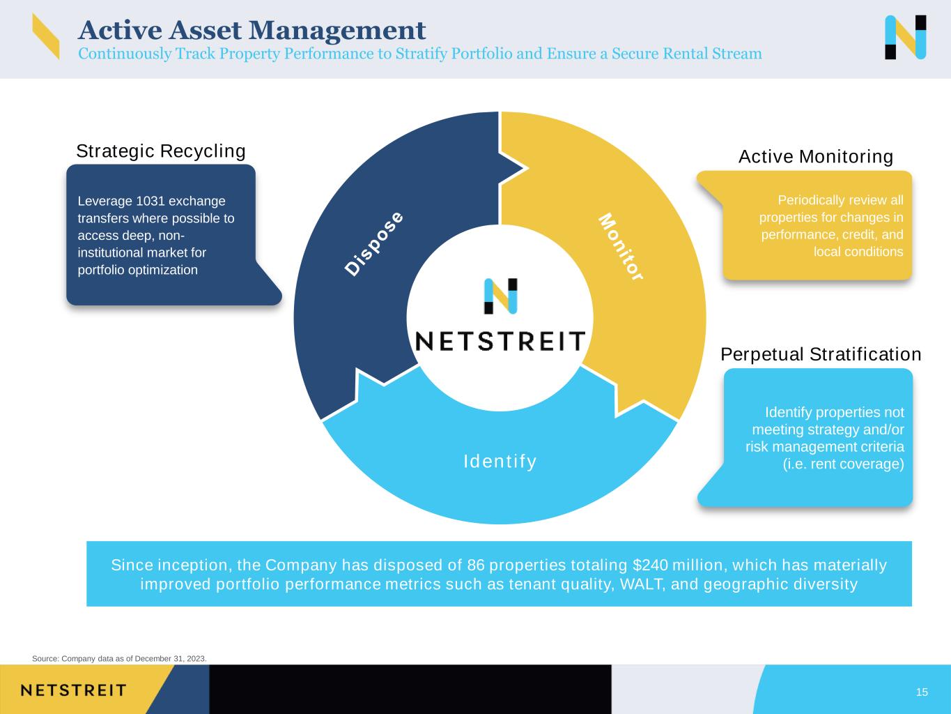 $2,364 $10,328 $1,685 $12,294 $15,907 $4,060 $13,543 $15,995 $0 $2,000 $4,000 $6,000 $8,000 $10,000 $12,000 $14,000 $16,000 $18,000 1Q'22 2Q'22 3Q'22 4Q'22 1Q'23 2Q'23 3Q'23 4Q'23 D is p o s it io n A c ti v it y ($ 0 0 0 s ) 14 Disposition Activity Summary Details Source: Company data as of December 31, 2023. 1. Excludes vacant properties. Dispositions '22 '22 '22 ' 2 ' 3 3 3 3 Cash Cap Rates1 5.5% 6.0% 5.5% 6.7% 6.8% 6.7% 6.9% 7.2% Number of Investments 1 2 1 3 8 2 6 6 Weighted Average Lease Term1 8.0 9.8 0.4 10.8 5.6 4.2 7.1 11.2
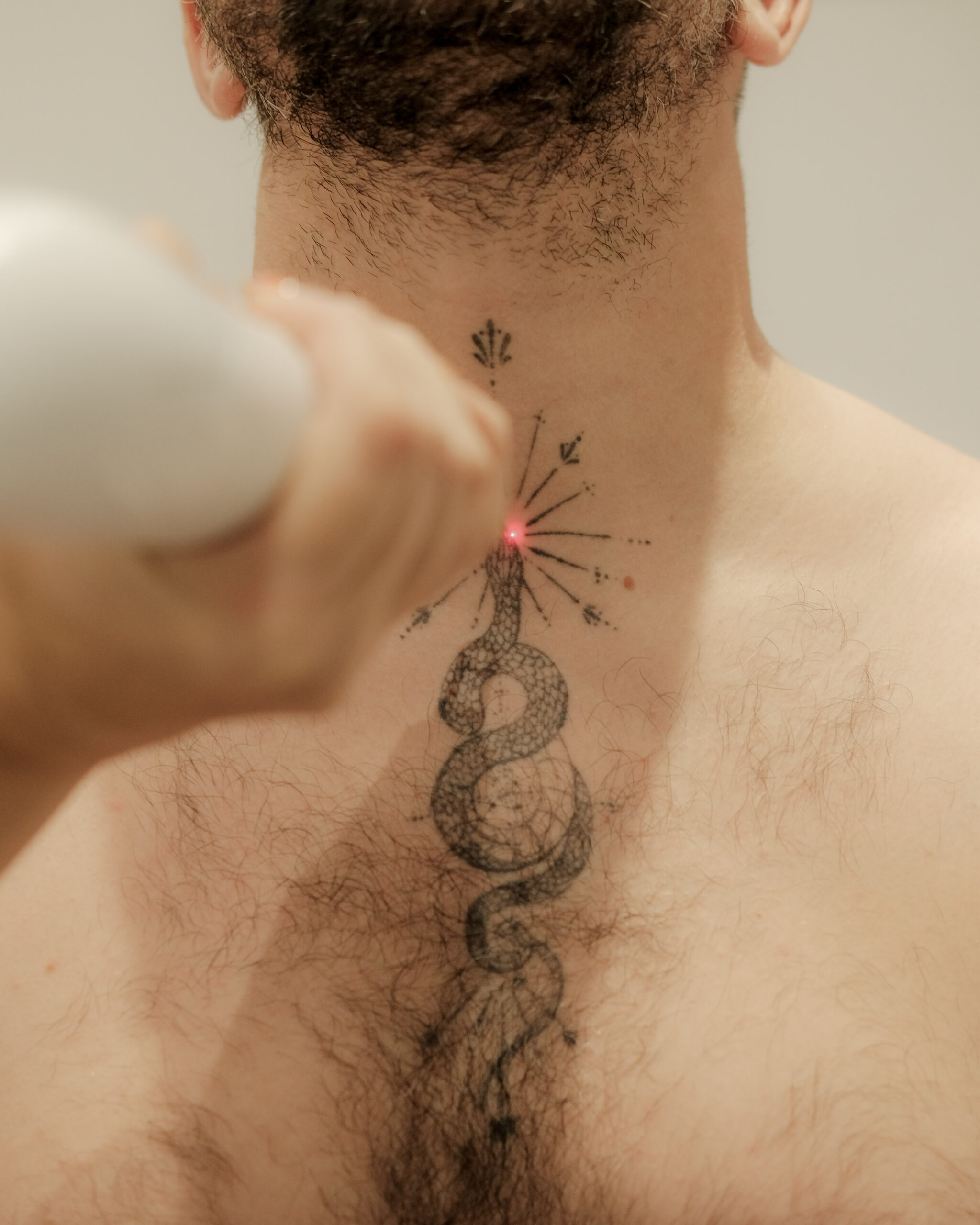 La couleur est fragmentée en microparticules, ensuite éliminées naturellement par le corps, tout en préservant les tissus environnants.
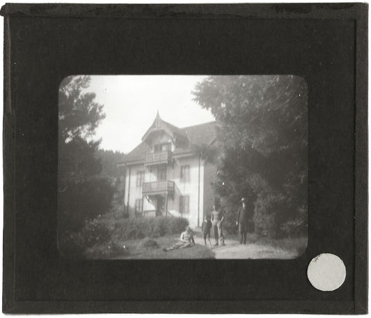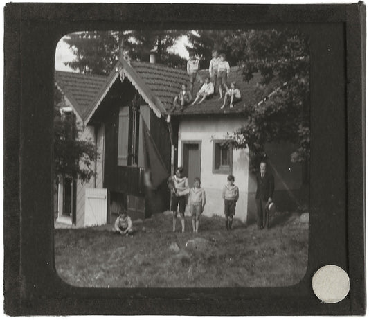 Maison de campagne, enfants, photo plaque de verre, positif 8,5x10 cm
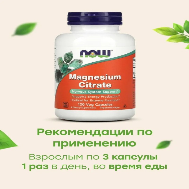 Цитрат магния от NOW — источник магния, одного из важнейших внутриклеточных макроэлементов в организме.
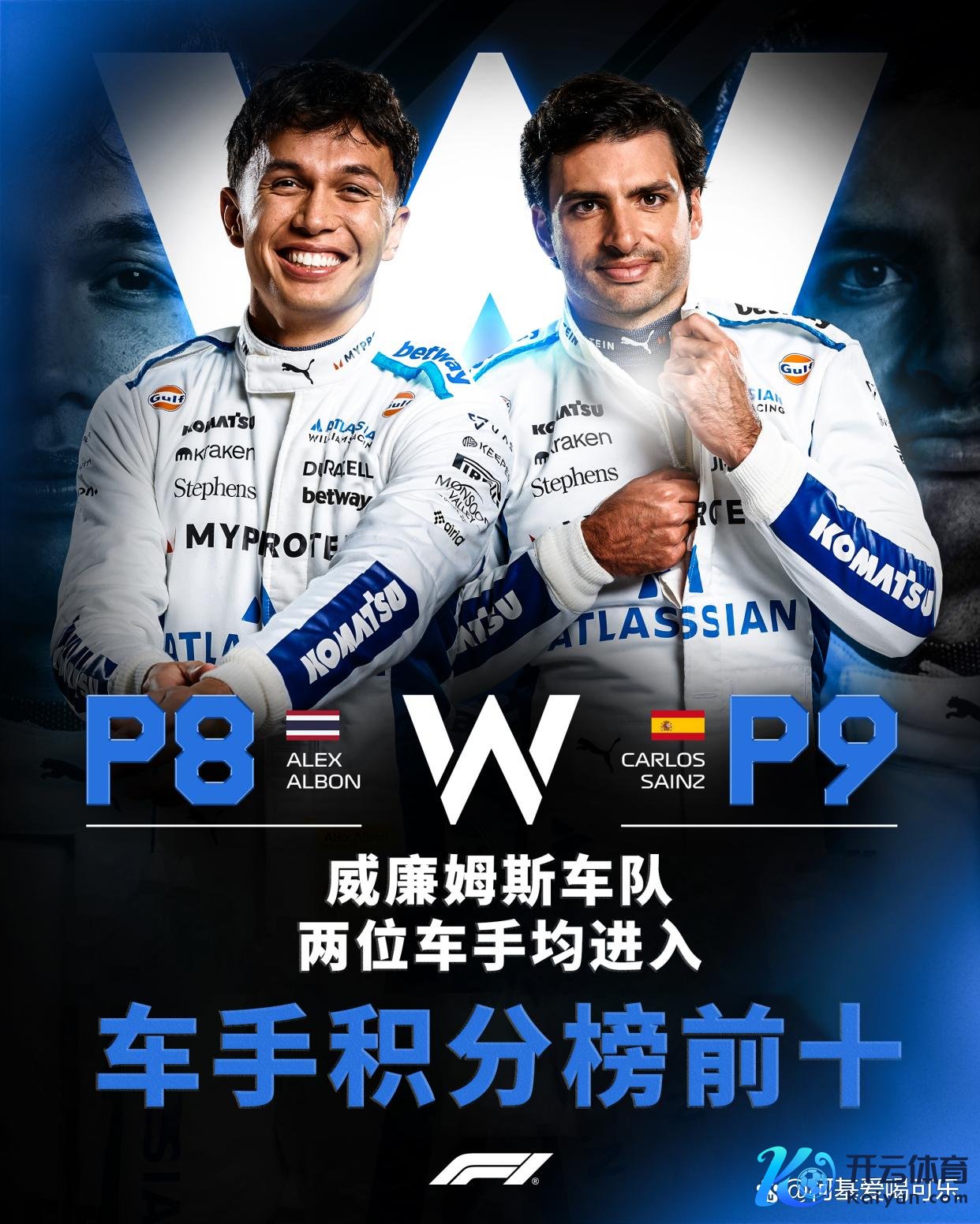 本赛季最大的黑马,非威廉姆斯车队莫属。他们凭借一辆从一运行就竞争力全齐的赛车,透顶开脱了垫底集团的泥潭。阿尔本在赛季大部分技术里展现了惊东说念主的庄重性,为车队奠定了坚实基础。而塞恩斯在阅历初期磨合阵痛后,于赛季末段透顶爆发,两度勇夺领奖台,发达号称惊艳。车队年终第五、“地球组冠军”的头衔,是对他们全年起劲的最好褒奖。这不仅是积分的飞跃,更是信心的重塑。
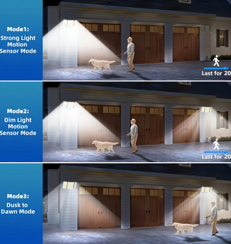 - Three Lighting Modes: Tailored to meet diverse needs, the light features three modes: Strong Light Motion Sensor Mode, Dim Light Motion Sensor Mode, and DusktoDawn Mode. These intelligent settings ensure energy conservation while providing efficient lighting based on surrounding activity and time of day.
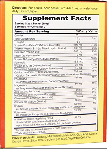 -. Binding : Health and Beauty -. Brand : American Health -. EAN : 0076630588805 -. Feature : American Health - Ester-C Effervescent Powder 1000mg Plus Electrolytes - Orange - Box/21 Packets / Buffered Vitamin C 1000mg Plus Electrolytes / Once Daily - Non-GMO - No Artificial Sweeteners / Suitable for Vegetarians -. Label : American Health -. Manufacturer : American Health -. MPN : AM0230 -. PackageQuantity : 1 -. PartNumber : AM0230 -. ProductGroup : Health and Beauty -. ProductTypeName : HEALTH_PERSONAL_CARE -. Publisher : American Health -. Studio : American Health -. Title : American Health Ester-C Effervescent 1000 Mg 21/.35 Oz Packets In A Box-Natural Orange Flavor 21 PKT -. UPC : 076630588805
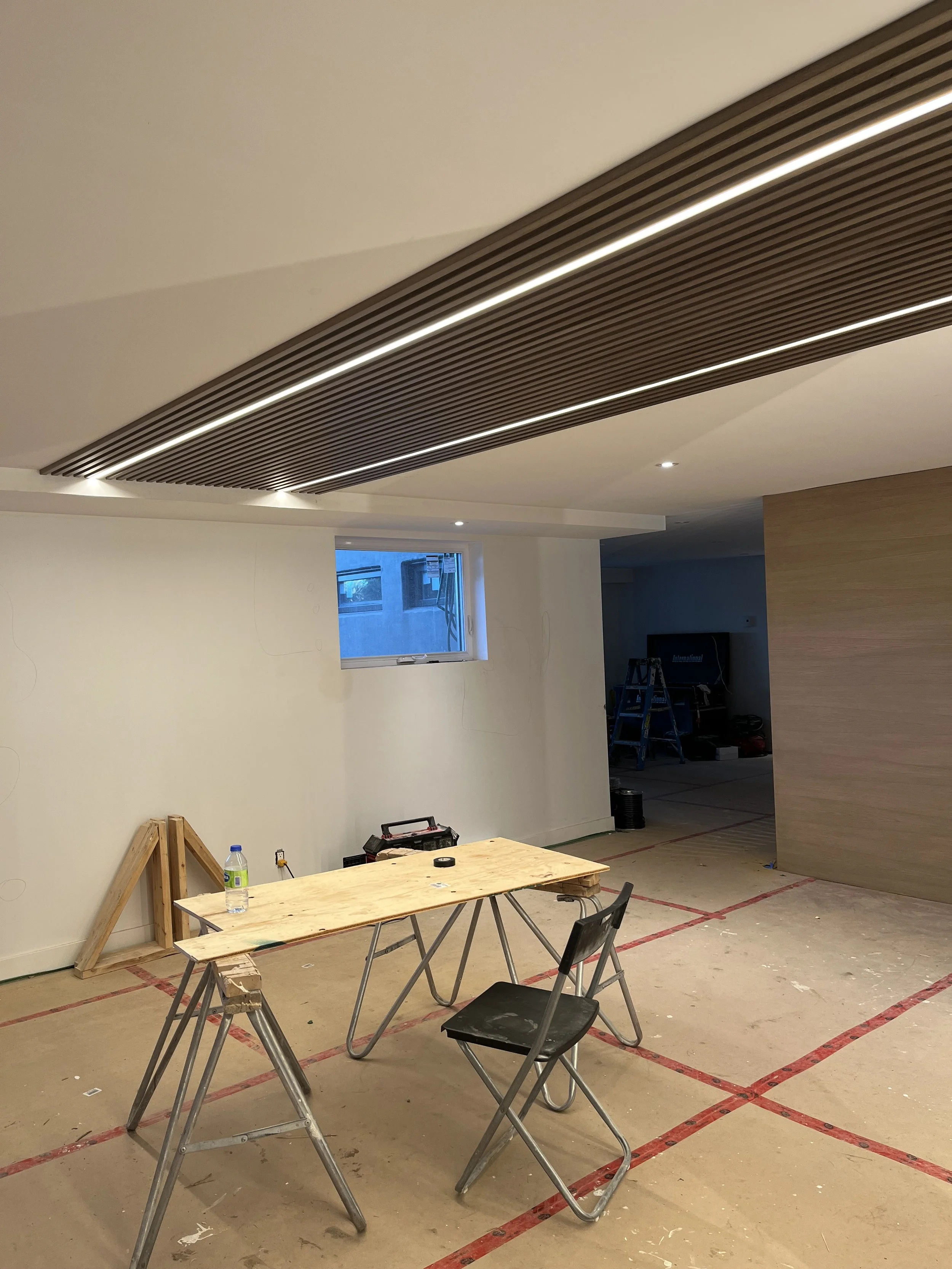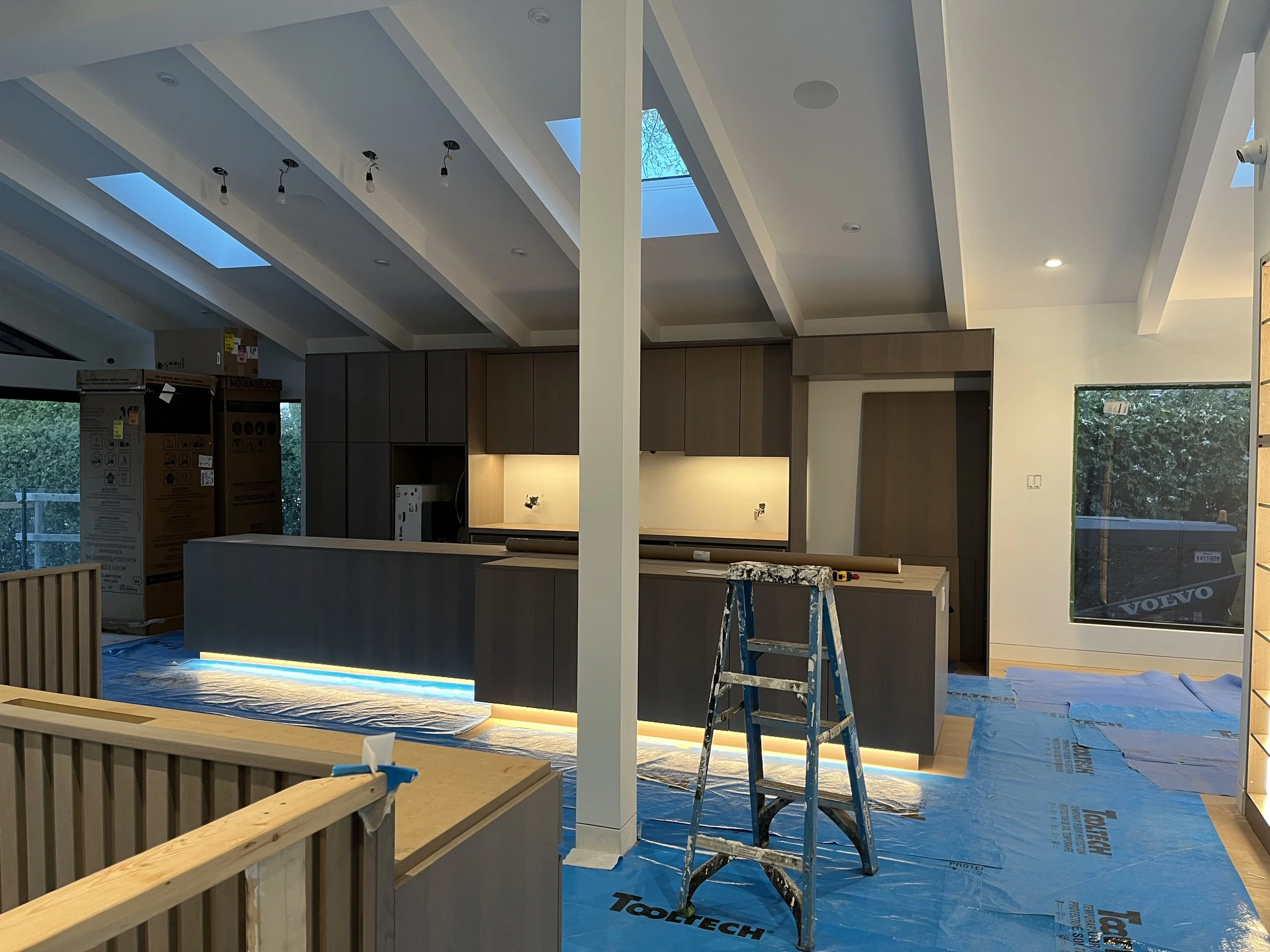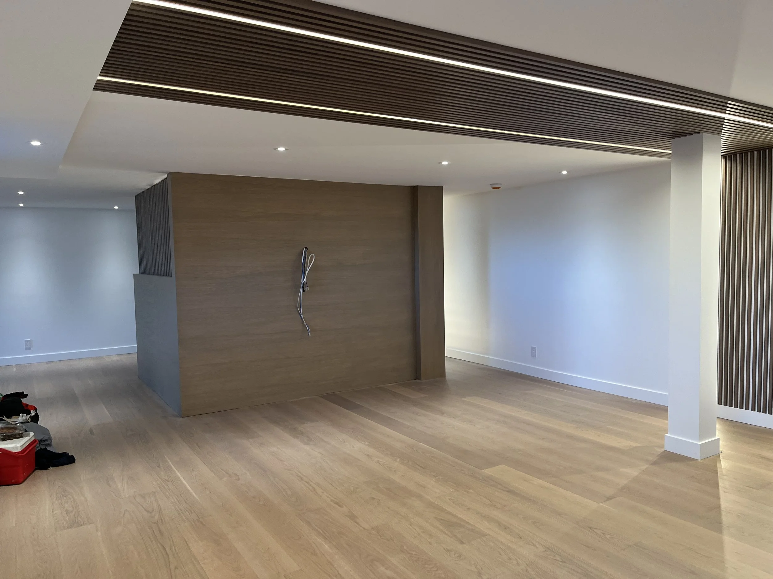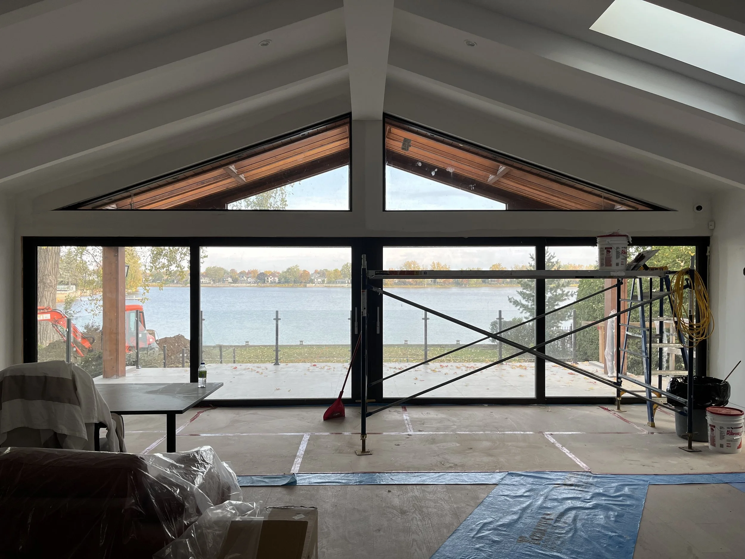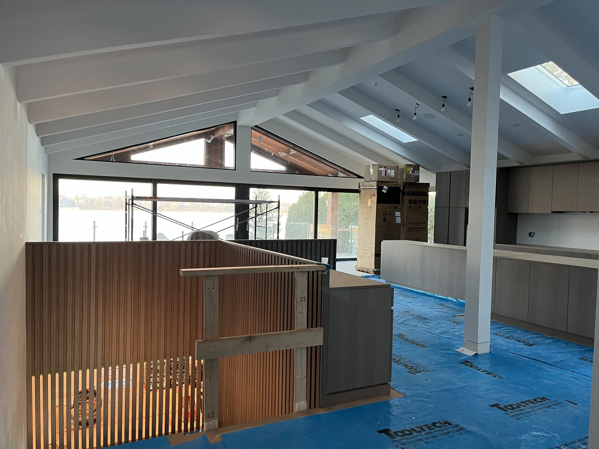 Projet rue saraguay Rénovation complète à pierrefonds d’une maison de 4000 pi.ca. de style californienne avec des finitions architecturales très épurées, de l’éclairage intégré en abondance et une vue spectaculaire sur la rivière des prairies.
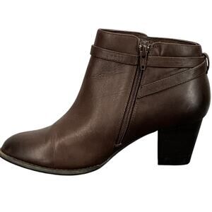 Vionic Upton Brown Leather Western 2.5" Block Heel Comfort Ankle Boot Women 9
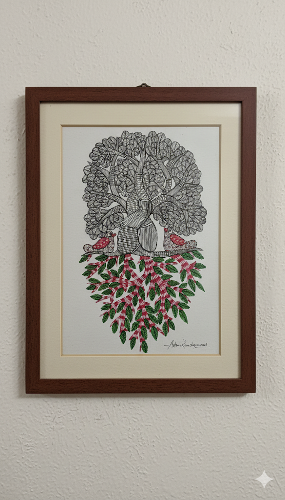 This rare Gond composition features a dual-natured tree with an intricate monochromatic canopy and vibrant, red-patterned roots.
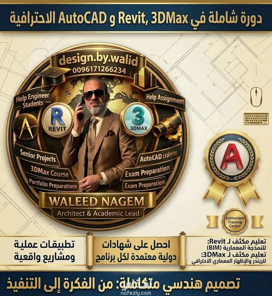 دورة التصميم الهندسي المتكاملة (AutoCAD, Revit, 3ds Max) وصف الخدمة: هل تبحث عن احتراف التصميم من الفكرة وحتى التنفيذ؟ أقدم لك دورة هندسية متكاملة تجمع بين أقوى ثلاثة برامج في السوق المعماري والإنشائي، مصممة خصيصاً لتنقلك من المستوى المبتدئ إلى الاحتراف الأكاديمي والعملي.محاور الدورة الرئيسية:برنامج AutoCAD:إتقان الرسم ثنائي الأبعاد ($2D$) بدقة عالية.إعداد المخططات التنفيذية والرسومات المعمارية والإنشائية.إدارة الطبقات (Layers) والمقاييس (Scaling) للطباعة الاحترافية.برنامج Revit (BIM):التعرف على تقنية نمذجة معلومات البناء ($BIM$).بناء النماذج ثلاثية الأبعاد ($3D$) وربط المخططات ببعضها تلقائياً.استخراج الجداول الكمية والمقاطع العرضية بضغطة زر.برنامج 3ds Max:الإخراج المعماري الاحترافي (Rendering).توزيع الإضاءة الواقعية وإضافة الخامات (Materials).تحويل المخططات الصماء إلى صور واقعية مبهرة للعملاء.ما الذي ستحصل عليه في هذه الدورة؟تطبيقات عملية: العمل على مشاريع واقعية (فلل، مباني سكنية) من البداية للنهاية.دعم مشاريع التخرج: مساعدة خاصة لطلاب الهندسة في مشاريعهم الكبرى (Senior Projects).التحضير للامتحانات: تدريب مكثف لاجتياز الاختبارات الأكاديمية والمهنية بنجاح.تجهيز البورتفوليو: سأساعدك في بناء ملف أعمال قوي يعرض مهاراتك بشكل جذاب لأصحاب العمل.
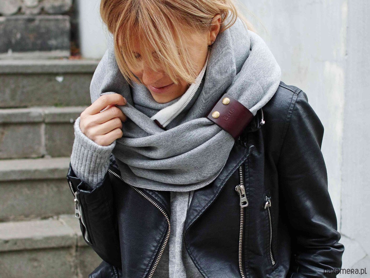Ciepły komin dresowy damski – SZARY z zapinką skórzaną
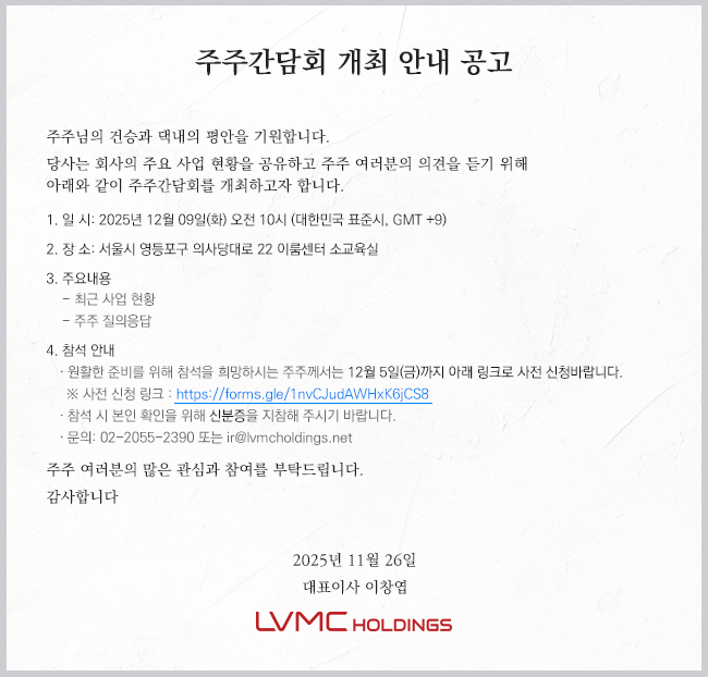 LVMC홀딩스의 다양한 소식을 확인해보세요.
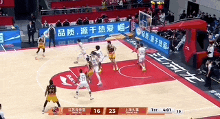 本节后半段,上海队连换三人,崔晓龙、怀特塞德与李添荣上场。李添荣在短短3分46秒的登场时间内,三分线外3投3中,砍下9分,帮助上海男篮第一节34比28领先江苏。

☆ ☆ ☆ ☆ ☆ ☆ ☆

Required work:
Take the material above from the line containing "Projet rue saraguay" up to and including the line containing "This rare Gond" and retype it exactly, without any pictures.

Output of the exercise:
 Projet rue saraguay Rénovation complète à pierrefonds d’une maison de 4000 pi.ca. de style californienne avec des finitions architecturales très épurées, de l’éclairage intégré en abondance et une vue spectaculaire sur la rivière des prairies.
 Vionic Upton Brown Leather Western 2.5" Block Heel Comfort Ankle Boot Women 9
 This rare Gond composition features a dual-natured tree with an intricate monochromatic canopy and vibrant, red-patterned roots.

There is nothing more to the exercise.